The data is not verified before it is written, so the data in the data lake will become messier over time. The complexity of data governance is high. At the same time, the bottom layer of the data lake is stored on the cloud object storage service in an open data format, so some features will cause the data lake architecture to lack data management features like data warehouses. In addition, due to the insufficient performance of cloud object storage services in big data query scenarios, the advantages of data lakes fail to be well reflected in many scenarios.
As a result, Lakehouse (the third generation of big data platform architecture) was created. It abstracts the transaction management layer on top of the data lake, can provide some Data Management features of traditional data warehouses, and can optimize the performance of some data for the data on the cloud object storage service. It supports various complex analysis scenarios in the big data era and provides a unified processing method for both stream and batch scenarios.
After the Lakehouse architecture, Delta Lake was created. It is an open-source database solution by Databricks. Its architecture is clear and concise, and it can provide guarantees.
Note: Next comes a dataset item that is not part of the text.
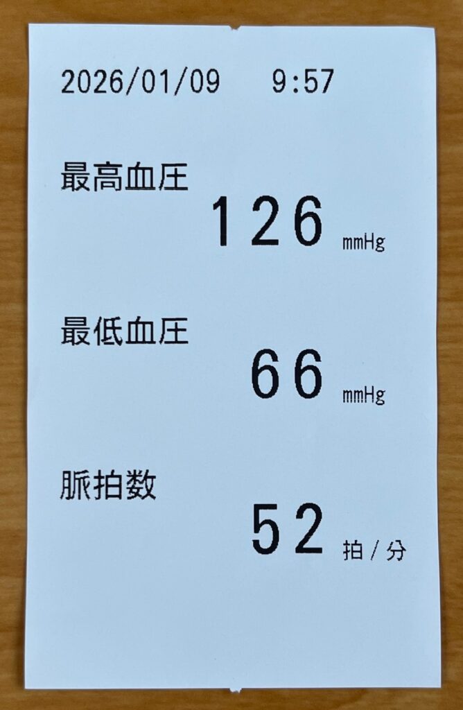 血圧は落ち着いています。上が128→113→126、下が75→65→66、脈拍55→47→52/分でした。

The preceding figure shows the Multi-Hop Medallion architecture of Delta Lake, which supports different analysis scenarios through multiple table structures. Data can be imported into Delta Lake by streaming or batch.
The tables in Delta Lake can be divided into three categories:
Delta Lake provides a transaction log-based mechanism to implement ACID transaction features, which can the achieve consistency of read and write data and provide a high-quality data guarantee.
Based on ACID transactions, Delta Lake provides more data management and performance optimization features, such as time backtracking and data version, which can trace back to a certain time or version of data based on its transaction log. At the same time, it can realize efficient upsert and delete of data and the capability of scalable metadata management.
Metadata management may be a burden in big data scenarios. Metadata can be the big data for larger tables. Therefore, the way to support metadata management efficiently is also an architectural challenge.
In Delta Lake transaction logs, metadata is a file that is stored in the form of the transaction log. Therefore, the Spark big data engine can be used to achieve metadata extensibility. At the same time, Delta Lake can provide a unified stream-batch method, which can support data injection in a unified way. The premise of the implementation is that Delta Lake can support serializable isolation levels and implement some typical streaming requirements, such as CDC.
At the same time, Delta Lake provides mandatory constraints of schemas and the ability to evolve automatically to ensure the data quality in the data lake.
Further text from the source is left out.